BACKGROUND ON THE INDICTMENT
According to the indictment,
" 10) On 9 May 1993, the HV and HVO, including the KB, launched a large military offensive
against the Bosnian Muslim population of Mostar and the positions of the ABiH in the city, provoking the start of an armed conflict with the ABiH in the municipality of Mostar. Subsequently the Bosnian Muslim population was the target of a broad campaign of violence in the areas of Mostar occupied by the HV and HVO, lasting at least until the cease-fire and peace agreements of February and March 1994. Across the confrontation line, the ABiH held section of the city was under siege by the HV and HVO forces, who were shelling intensely the area and preventing the arrival of humanitarian aid and basic supplies. Mladen Naletilic, as commander of the KB,M and Vinko Martinovic, as commander of the "Mrmak" or "Vinko Skrobo" sub-unit of the KB were leading perpetrators of this campaign against the Bosnian Muslim population.

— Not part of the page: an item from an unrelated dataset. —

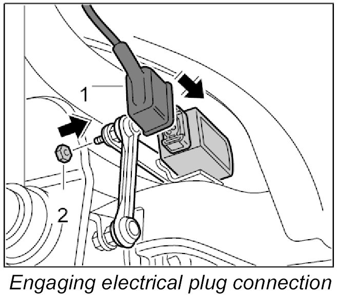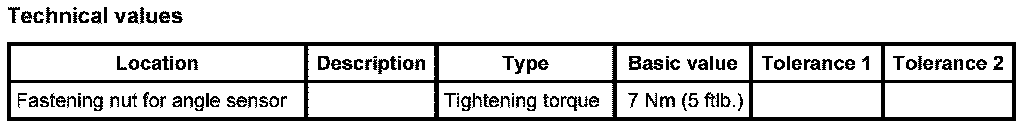 INFORMATION: If the angle sensor has been replaced, the front end control unit must be calibrated; afterwards the headlight setting must be checked and adjusted if necessary.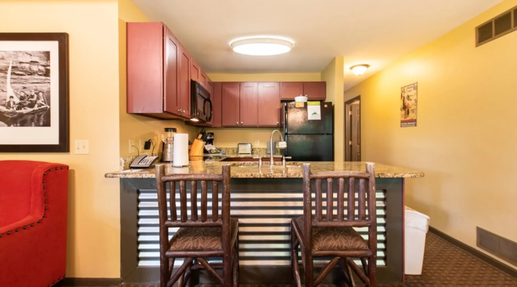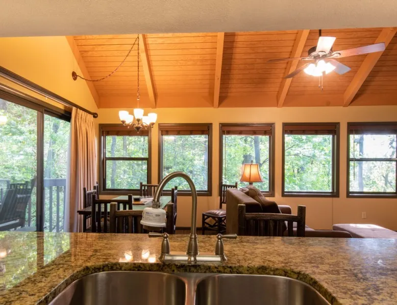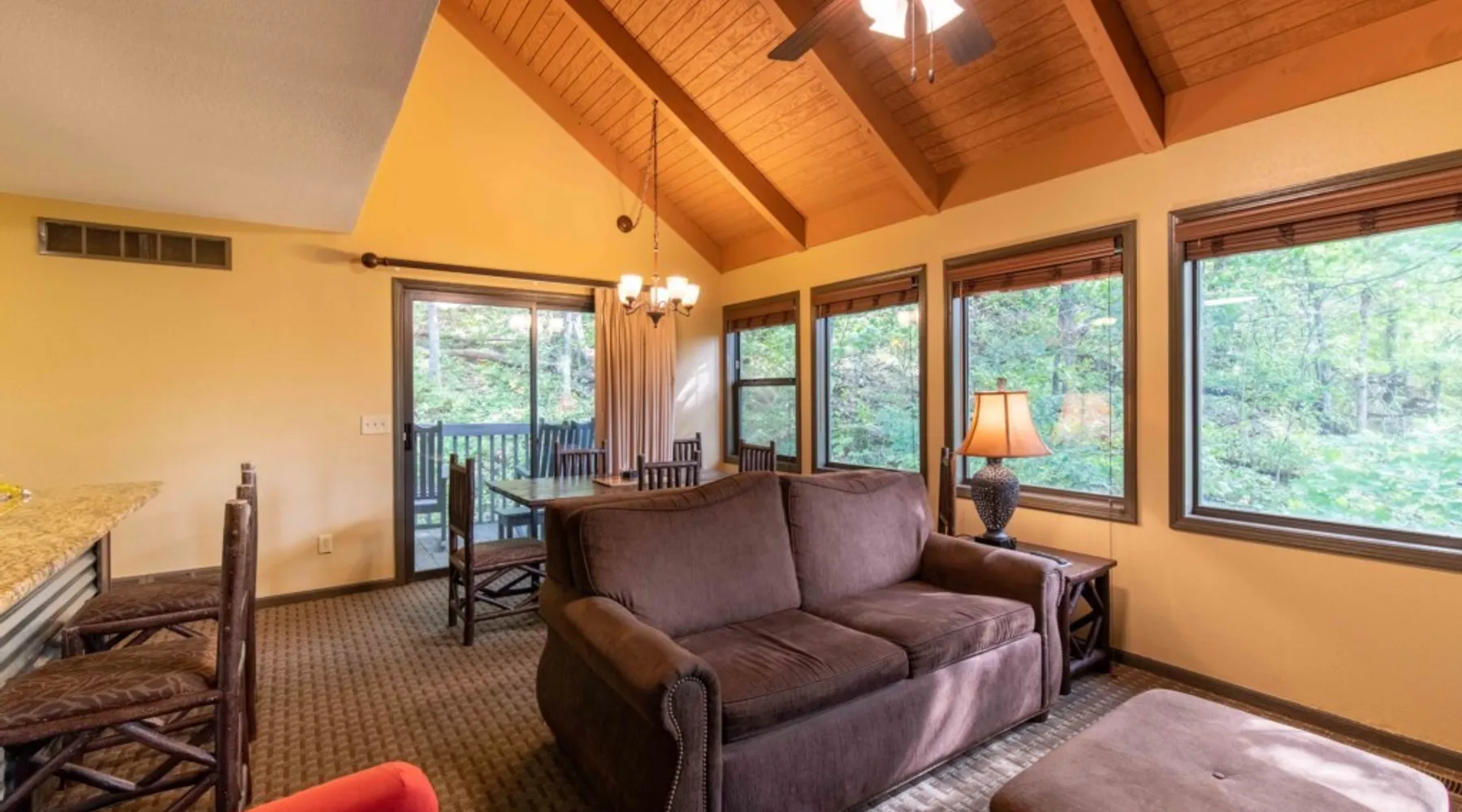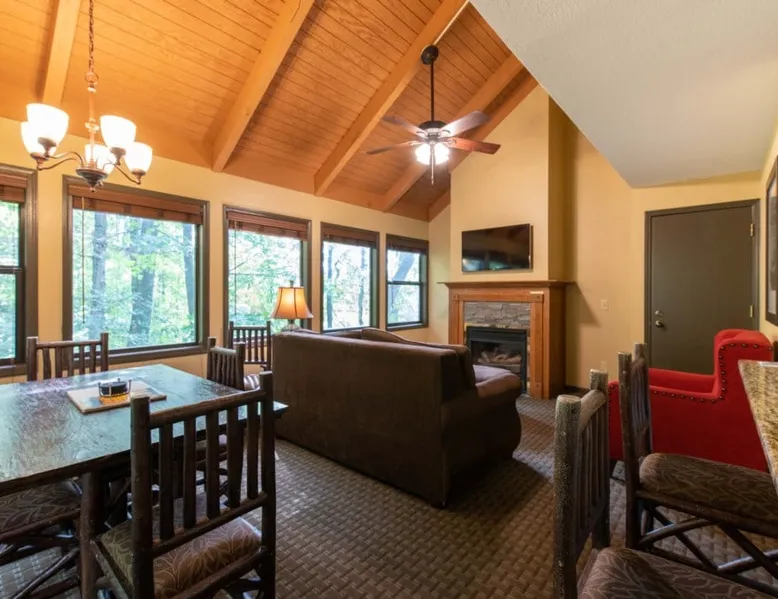 Relaxing Cabins & Spacious Townhomes + Indoor Pool & Golf - Wisconsin Dells Start your day with a dip in the heated indoor pool, then hit the trails or the nearby golf course. After an adventurous day, unwind in your cozy cabin or townhome in the beautiful Wisconsin Dells. The space 2 Bedroom 2 Bath Townhome Occupancy: 6 people Room Size: 1,200 sq. ft. Bed Types: 1 King Bed, 2 Queen Beds Room Amenities: Full Kitchen 2 Bathrooms Living Room Balcony/Patio Fireplace Flat-Screen TV Other things to note Please bring a valid form of Picture ID. However, if you would like to change the name of the person checking in after you have provided this information, there will be a $99.00 name change fee. A $100 Pre-Authorization from any major credit card upon checking in is required. Cash is not accepted.

11) The goal of this campaign by the HV and HVO forces, commonly referred to as "ethnic cleansing", was to gain control of the municipalities of Mostar, Jablanica and others in Bosnia Herzegovina and to force the Bosnian Muslim population to leave these territories or to substantially reduce and subjugate this population. The means used for this purpose included killings, beatings, torture, evictions, destruction of cultural and religious heritage, looting, deprivation of basic civil and human rights, and mass expulsions, detentions and imprisonments, all of them executed following a systematic pattern of ethnic discrimination. As a result of this campaign, tens of thousands of Bosnian Muslims abandoned Mostar, Jablanica and other municipalities in Bosnia and Herzegovina. The traditional ethnic diversity of these municipalities was virtually eliminated, and an ethnically homogeneous society and institutions were imposed in these areas."
BACKGROUND ON THE CHARGES
Vinko Martinovic is charged on the basis of individual criminal responsibility, pursuant to Article 7(1) of the Statute of the Tribunal, as a "person who planned, instigated, ordered, committed or otherwise aided and abetted in the planning, preparation or execution of a crime", and superior criminal responsibility, pursuant to Article 7(3 of the Statute), for the acts of his subordinates, in that "he knew or had reason to know that the subordinate was about to commit such acts or had done so and the superior failed to take the necessary and reasonable measures to prevent such acts or to punish the perpetrators thereof", with:
Five counts of crimes against humanity (Article 5 of the Statute), namely, persecutions on political, racial and religious grounds; inhumane acts; murder; torture, nine counts of grave breaches of the Geneva Conventions (Article 3 of the Statute), namely, cruel treatment; unlawful labour; murder; wanton destruction not justified by military necessity; plunder of public or private property; seizure, destruction or wilful damage done to institutions dedicated to religion, and eight counts of violations of the laws or customs of war (Article 2 of the Statute), namely, inhuman treatment; wilful killing; torture; wilfully causing great suffering or serious injury to body or health; unlawful transfer of a civilian; extensive destruction of property.